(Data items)
..........

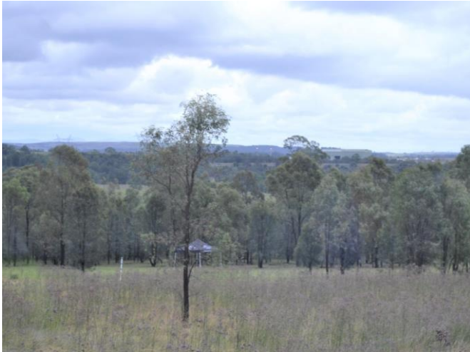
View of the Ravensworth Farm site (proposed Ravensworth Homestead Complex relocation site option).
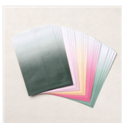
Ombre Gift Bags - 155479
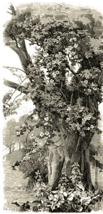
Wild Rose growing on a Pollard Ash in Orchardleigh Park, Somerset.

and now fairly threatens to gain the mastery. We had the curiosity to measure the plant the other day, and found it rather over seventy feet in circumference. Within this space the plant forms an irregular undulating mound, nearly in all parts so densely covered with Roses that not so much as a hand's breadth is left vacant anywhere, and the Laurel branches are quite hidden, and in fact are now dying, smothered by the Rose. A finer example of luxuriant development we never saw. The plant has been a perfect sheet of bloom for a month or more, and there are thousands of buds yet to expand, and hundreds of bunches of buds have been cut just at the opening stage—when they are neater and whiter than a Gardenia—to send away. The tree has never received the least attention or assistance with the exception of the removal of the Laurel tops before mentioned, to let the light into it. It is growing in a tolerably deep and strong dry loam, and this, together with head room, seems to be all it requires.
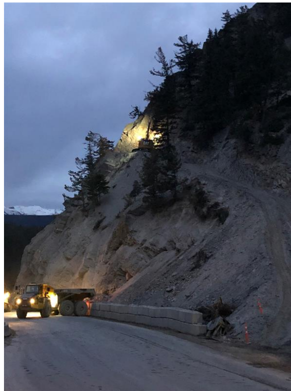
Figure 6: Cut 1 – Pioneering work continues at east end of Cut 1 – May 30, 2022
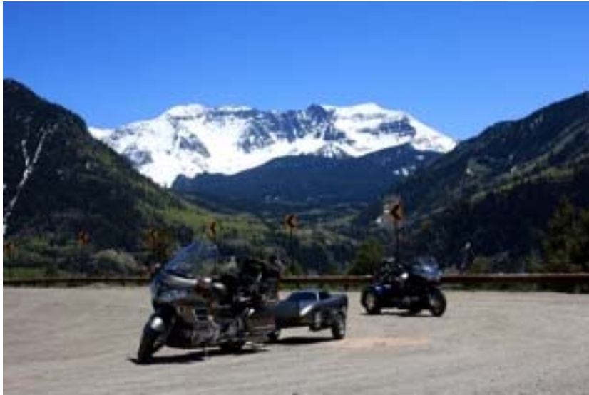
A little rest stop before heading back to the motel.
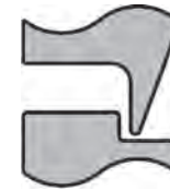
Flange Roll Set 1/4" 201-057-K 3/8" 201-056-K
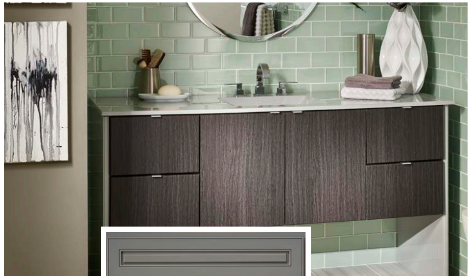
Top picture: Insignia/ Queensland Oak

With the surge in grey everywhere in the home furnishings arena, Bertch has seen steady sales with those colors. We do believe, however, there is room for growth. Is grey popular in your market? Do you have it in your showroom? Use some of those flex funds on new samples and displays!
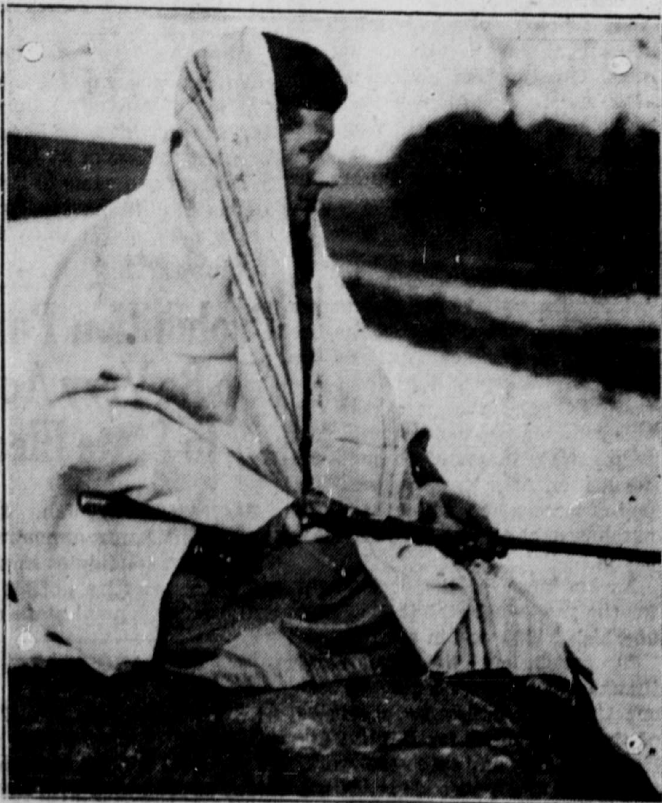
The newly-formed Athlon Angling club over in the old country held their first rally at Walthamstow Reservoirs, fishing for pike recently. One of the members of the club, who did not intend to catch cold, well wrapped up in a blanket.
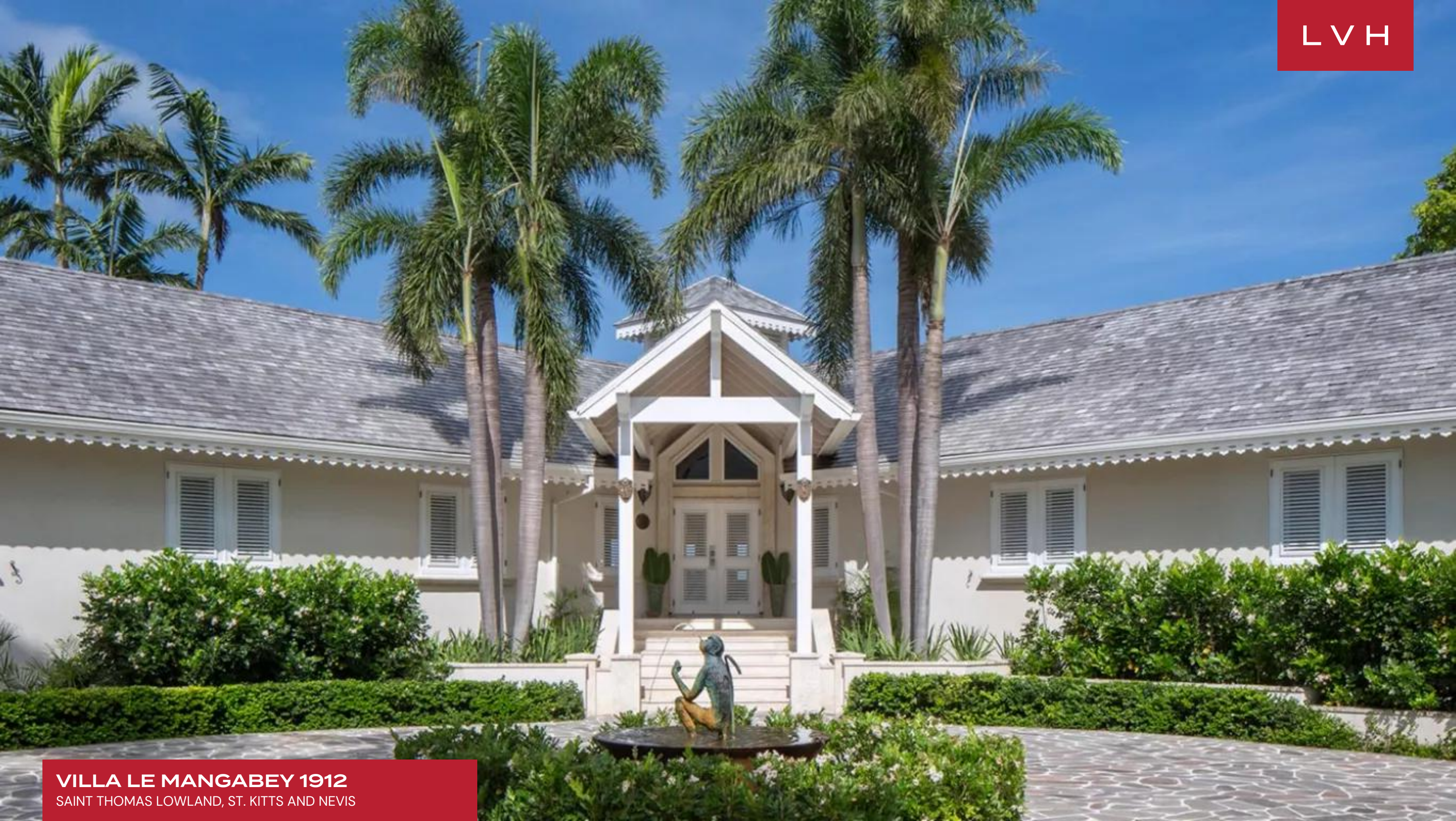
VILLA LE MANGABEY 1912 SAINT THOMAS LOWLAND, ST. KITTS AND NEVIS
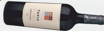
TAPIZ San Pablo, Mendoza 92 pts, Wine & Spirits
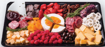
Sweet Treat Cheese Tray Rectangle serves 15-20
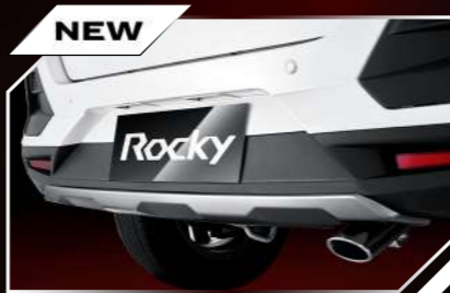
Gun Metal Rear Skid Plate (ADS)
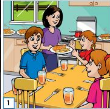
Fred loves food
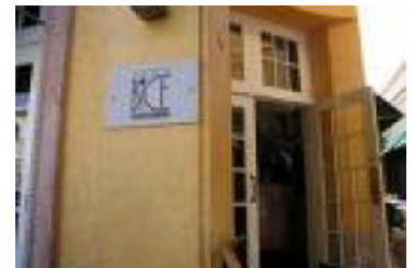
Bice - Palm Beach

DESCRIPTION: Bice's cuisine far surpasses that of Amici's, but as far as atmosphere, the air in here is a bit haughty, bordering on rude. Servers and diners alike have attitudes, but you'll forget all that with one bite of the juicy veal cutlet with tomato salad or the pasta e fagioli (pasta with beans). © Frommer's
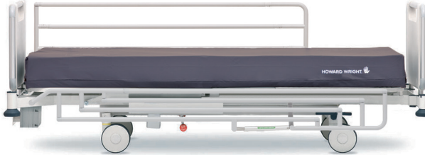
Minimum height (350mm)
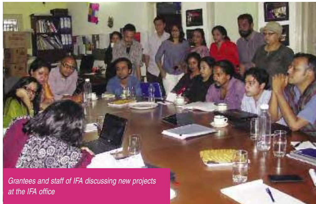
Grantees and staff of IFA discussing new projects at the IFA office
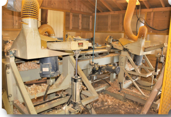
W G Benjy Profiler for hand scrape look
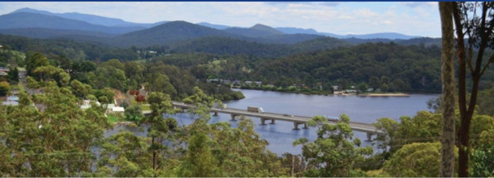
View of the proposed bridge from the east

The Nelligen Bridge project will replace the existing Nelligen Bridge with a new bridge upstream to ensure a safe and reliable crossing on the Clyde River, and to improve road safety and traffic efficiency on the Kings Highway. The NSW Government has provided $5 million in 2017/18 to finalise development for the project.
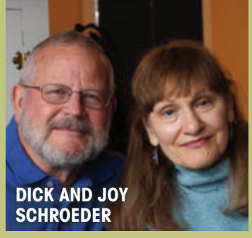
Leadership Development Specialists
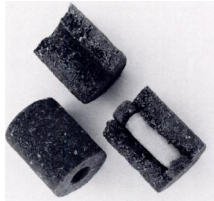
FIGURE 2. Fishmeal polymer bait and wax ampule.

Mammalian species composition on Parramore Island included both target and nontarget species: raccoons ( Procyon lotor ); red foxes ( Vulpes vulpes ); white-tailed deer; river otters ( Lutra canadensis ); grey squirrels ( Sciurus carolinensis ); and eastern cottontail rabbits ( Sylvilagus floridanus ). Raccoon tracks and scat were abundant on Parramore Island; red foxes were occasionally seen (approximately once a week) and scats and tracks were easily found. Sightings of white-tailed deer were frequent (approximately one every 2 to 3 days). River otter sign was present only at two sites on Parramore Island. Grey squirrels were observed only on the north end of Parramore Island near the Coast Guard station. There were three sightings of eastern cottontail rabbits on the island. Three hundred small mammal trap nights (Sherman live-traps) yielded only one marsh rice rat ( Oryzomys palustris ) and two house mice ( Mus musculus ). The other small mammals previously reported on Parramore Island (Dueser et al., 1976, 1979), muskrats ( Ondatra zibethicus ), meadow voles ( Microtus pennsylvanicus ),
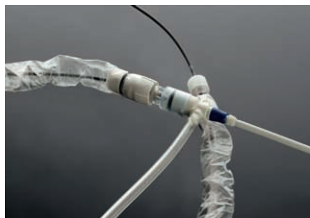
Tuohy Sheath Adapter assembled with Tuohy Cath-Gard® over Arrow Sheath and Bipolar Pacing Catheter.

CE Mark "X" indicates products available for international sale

..........

-- Task --
Print nothing except the lines above from the one containing "Gun Metal Rear Skid Plate (ADS)" down to the one containing "Bice - Palm Beach", both included, exactly as written and free of pictures.

-- Solved exercise --
Gun Metal Rear Skid Plate (ADS)
Fred loves food
Bice - Palm Beach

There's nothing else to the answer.